ASSIGNMENT ▸
For the data below, transcribe the part that opens with the line containing "Gambar Foto Keadaan" and closes with the line containing "جموں و کشمیر میں 5", exactly and with no pictures.

Stored records
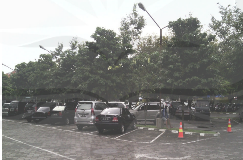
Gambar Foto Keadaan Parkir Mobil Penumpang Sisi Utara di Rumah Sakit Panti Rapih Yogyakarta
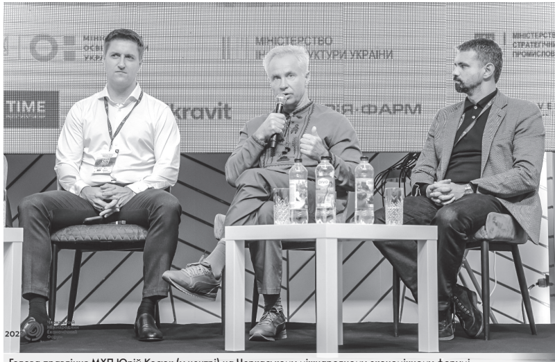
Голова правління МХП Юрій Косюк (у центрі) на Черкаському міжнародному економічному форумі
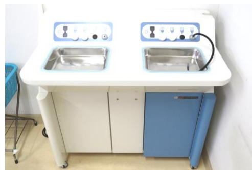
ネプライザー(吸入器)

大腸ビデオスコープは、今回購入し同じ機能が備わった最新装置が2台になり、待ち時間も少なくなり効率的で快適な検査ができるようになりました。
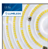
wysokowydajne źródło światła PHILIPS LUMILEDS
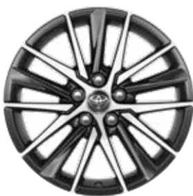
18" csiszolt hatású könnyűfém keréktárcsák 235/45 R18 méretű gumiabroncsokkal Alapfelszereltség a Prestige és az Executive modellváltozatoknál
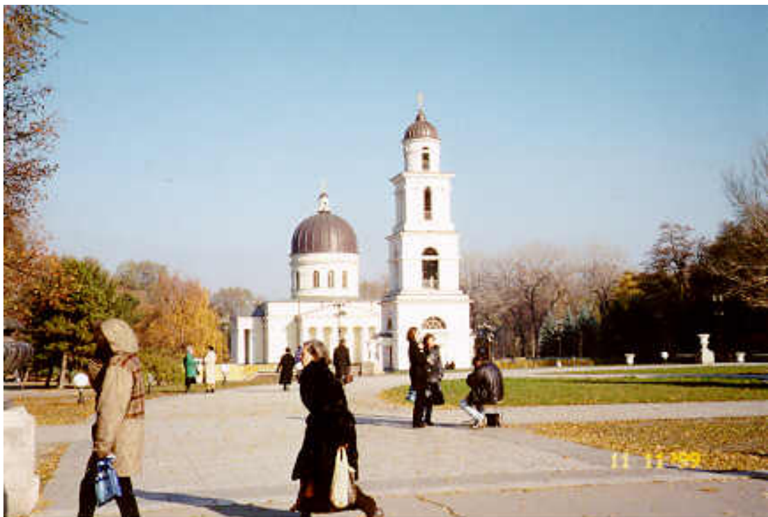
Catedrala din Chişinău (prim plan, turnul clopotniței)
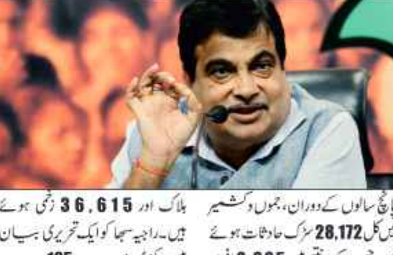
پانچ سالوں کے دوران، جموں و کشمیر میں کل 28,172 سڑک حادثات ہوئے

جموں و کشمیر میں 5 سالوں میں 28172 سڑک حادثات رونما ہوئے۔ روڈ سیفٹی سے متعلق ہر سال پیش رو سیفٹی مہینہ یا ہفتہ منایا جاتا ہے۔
==
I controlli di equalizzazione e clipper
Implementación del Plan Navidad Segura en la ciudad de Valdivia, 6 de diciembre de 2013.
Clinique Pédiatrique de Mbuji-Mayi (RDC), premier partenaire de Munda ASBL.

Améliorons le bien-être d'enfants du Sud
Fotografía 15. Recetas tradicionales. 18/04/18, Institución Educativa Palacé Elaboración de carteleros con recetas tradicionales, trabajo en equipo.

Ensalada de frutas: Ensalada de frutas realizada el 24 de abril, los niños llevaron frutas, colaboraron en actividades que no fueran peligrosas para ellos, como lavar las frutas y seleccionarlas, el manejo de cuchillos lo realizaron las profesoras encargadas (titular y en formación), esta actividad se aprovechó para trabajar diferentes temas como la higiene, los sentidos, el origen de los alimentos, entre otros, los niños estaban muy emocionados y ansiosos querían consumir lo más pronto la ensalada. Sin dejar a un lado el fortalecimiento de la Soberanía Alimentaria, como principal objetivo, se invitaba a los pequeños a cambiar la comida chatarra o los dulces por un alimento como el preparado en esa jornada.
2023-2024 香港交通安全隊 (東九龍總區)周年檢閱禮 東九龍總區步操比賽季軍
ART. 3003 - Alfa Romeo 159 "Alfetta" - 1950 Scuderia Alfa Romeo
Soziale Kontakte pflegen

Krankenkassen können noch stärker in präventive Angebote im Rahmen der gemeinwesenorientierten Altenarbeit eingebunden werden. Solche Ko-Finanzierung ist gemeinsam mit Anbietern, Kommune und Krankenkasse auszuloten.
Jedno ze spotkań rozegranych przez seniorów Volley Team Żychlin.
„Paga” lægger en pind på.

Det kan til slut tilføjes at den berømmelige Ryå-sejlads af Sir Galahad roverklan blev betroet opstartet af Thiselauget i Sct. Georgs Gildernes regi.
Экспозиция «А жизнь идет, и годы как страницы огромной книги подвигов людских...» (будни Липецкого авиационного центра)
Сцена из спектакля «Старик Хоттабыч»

RESULT OF THIS TASK ▸
Gambar Foto Keadaan Parkir Mobil Penumpang Sisi Utara di Rumah Sakit Panti Rapih Yogyakarta
Голова правління МХП Юрій Косюк (у центрі) на Черкаському міжнародному економічному форумі
ネプライザー(吸入器)

大腸ビデオスコープは、今回購入し同じ機能が備わった最新装置が2台になり、待ち時間も少なくなり効率的で快適な検査ができるようになりました。
wysokowydajne źródło światła PHILIPS LUMILEDS
18" csiszolt hatású könnyűfém keréktárcsák 235/45 R18 méretű gumiabroncsokkal Alapfelszereltség a Prestige és az Executive modellváltozatoknál
Catedrala din Chişinău (prim plan, turnul clopotniței)
پانچ سالوں کے دوران، جموں و کشمیر میں کل 28,172 سڑک حادثات ہوئے

جموں و کشمیر میں 5 سالوں میں 28172 سڑک حادثات رونما ہوئے۔ روڈ سیفٹی سے متعلق ہر سال پیش رو سیفٹی مہینہ یا ہفتہ منایا جاتا ہے۔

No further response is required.